Apraxia of Speech: A Problem With Motor Planning

Apraxia of speech sits between aphasia and dysarthria in a way that can be confusing. Your language is intact and your muscles aren’t weak. The problem is that your brain can’t properly plan and sequence the movements needed to produce speech sounds. You know the word you want, your mouth is physically capable of forming it, but the signal between the plan and the execution gets scrambled.

People with apraxia often make inconsistent errors. They might say a word correctly one moment and mispronounce it the next. Longer, more complex words tend to be harder. There’s often visible groping, where the mouth searches for the right position before producing a sound. Apraxia of speech is not caused by muscle weakness or paralysis, which is what separates it from dysarthria.

When Speech Difficulty Is an Emergency

Sudden difficulty speaking can be a sign of stroke. The American Stroke Association uses the acronym F.A.S.T.: Face drooping, Arm weakness, Speech difficulty, Time to call 911. If someone’s speech is suddenly slurred or they can’t speak or understand you, call emergency services immediately, even if the symptoms seem to go away. Every minute of delay matters for stroke treatment.

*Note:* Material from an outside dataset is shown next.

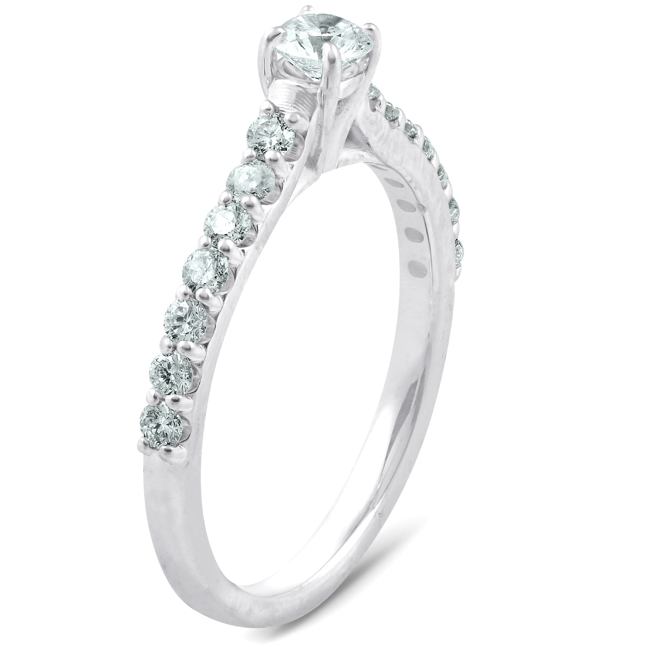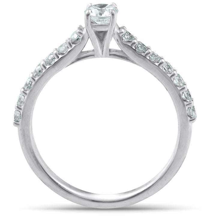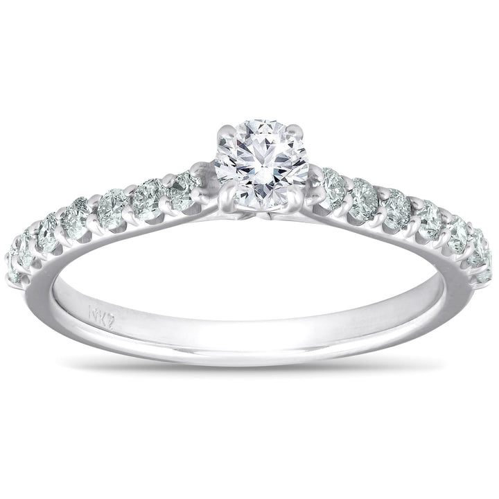 This 3/4 Ct TDW Diamond Side Stone Engagement Ring by Pompeii3 is a classic and elegant design. The ring features a 1/4 ct round brilliant-cut genuine center diamond, flanked by 14 round-cut accent diamonds along the sides for added brilliance. Set in polished 14K white gold, this timeless engagement ring exudes sophistication and sparkle.

How Speech Difficulties Are Diagnosed

A speech-language pathologist is the specialist who evaluates these conditions. The assessment typically involves a combination of standardized tests and real-world observation. You’ll be asked to repeat words, name objects, follow instructions, read aloud, and have a conversation. The pathologist listens for specific error patterns that help distinguish between aphasia, dysarthria, and apraxia. Brain imaging (usually an MRI or CT scan) helps identify the location and extent of any damage.

Getting the right diagnosis matters because treatment is different for each condition. Aphasia therapy focuses on rebuilding language pathways or finding alternative ways to communicate. Dysarthria therapy targets muscle strength, breath control, and speaking rate. Apraxia therapy involves intensive, repetitive practice of speech movements to retrain the brain’s motor planning.

What Recovery Looks Like

The brain has a remarkable capacity to reorganize itself after injury, a process called neuroplasticity. In the first weeks and months after a stroke, some recovery happens spontaneously as swelling decreases and the brain begins to heal. After that initial window, further improvement depends heavily on therapy.

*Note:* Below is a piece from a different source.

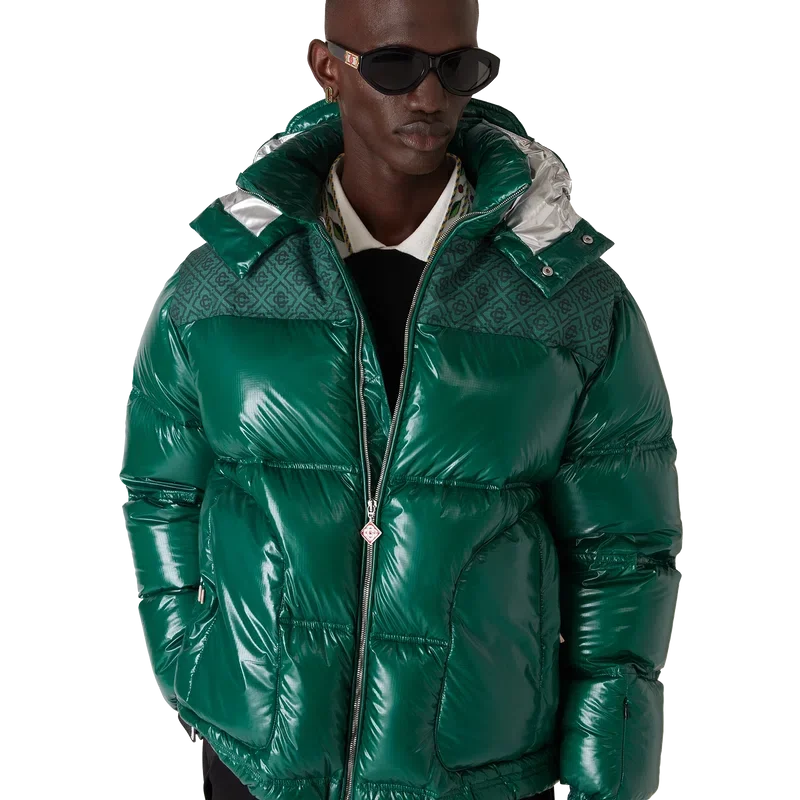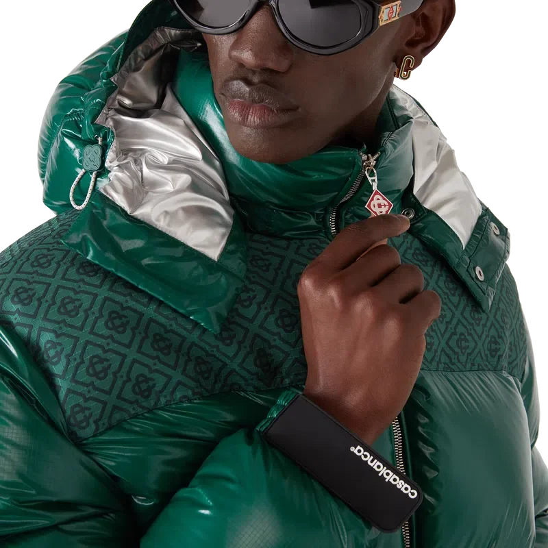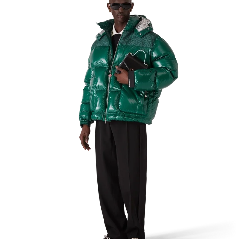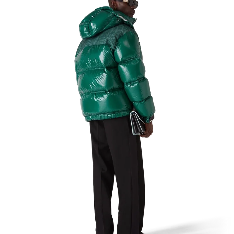 Het nylon puffer-donsjack is een modern, boxy ontwerp voor buitenkleding, vervaardigd uit ripstop nylon met donsvulling en een contrasterend monogram-jacquardpaneel over de schouders. Afgewerkt met een capuchon met Cc-logo-knopen en trekkoordsluitingen, een opstaande kraag voor extra warmte en bescherming tegen de elementen, een ritssluiting met het kenmerkende diamantlogo van het huis op het ritslipje, voorzakken met ritssluiting, verstelbare manchetten met merklogo en elastische zoom en manchetten.

Research on chronic stroke patients (more than a year post-stroke) shows that intensive speech therapy, generally one to three hours per day over two to four weeks, can produce measurable improvements in both language ability and brain activity. High-intensity, concentrated practice strengthens the connections between surviving neurons in the language network. Brain imaging studies have confirmed that even two weeks of intensive daily training can shift how the brain processes language.

Recovery timelines vary enormously depending on the size and location of the brain injury, the person’s age, and how quickly therapy begins. Some people regain most of their speech within months. Others make slower, steadier progress over years. Improvement is possible even long after the initial injury, which is an important point because many people assume recovery has a hard deadline.

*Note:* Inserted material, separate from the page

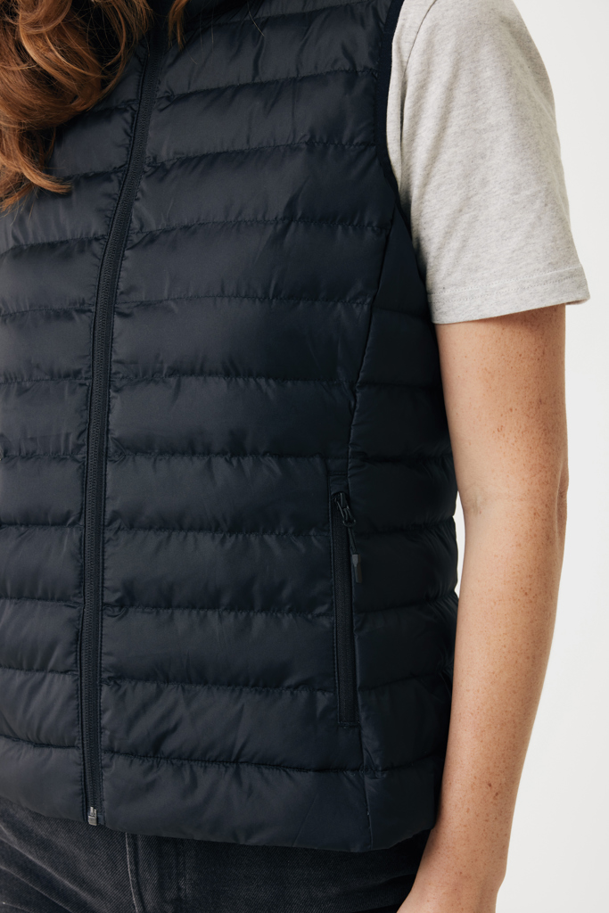 Women’s medium fit bodywarmer made from 100% post-consumer recycled polyester. The bodywarmer is fully quilted with 100% recycled polyester pearl filling. It has a reversed zipper at the front and practical zip pockets in the side panel seams. All zippers have extra zip pullers in matching colour for a refined look. The armholes have elastic binding and all seams at the inside are clean finished with recycled binding. Fluorine/PFAS free water repellent impregnation. The use of genuine recycled fabric materials and environmental impact claims are guaranteed, by using the AWARE™ disruptive physical tracer and blockchain technology. By scanning the QR code, you will gain access to a dedicated digital passport. 2% of proceeds of each sold product will be donated to Water.org. This product is OEKO-TEX® STANDARD 100 certified. The Meru bodywarmer is also available in men fit.

Communicating With Someone Who Has Speech Difficulty

If someone in your life has a speech disorder, a few strategies can make a real difference. Research on communication preferences found that people with aphasia specifically want their conversation partners to use visual aids, write down key words while speaking, and use gestures. These aren’t just nice extras. Patients identified them as essential strategies that their doctors often overlooked.

Beyond those specifics: give the person time to respond without finishing their sentences, reduce background noise, ask yes-or-no questions when open-ended ones are too frustrating, and keep your own sentences short and clear. The goal is to make communication possible, not to correct their speech. Most people with speech difficulties understand far more than they can express, and being treated as intellectually impaired is one of the most common and painful experiences they describe.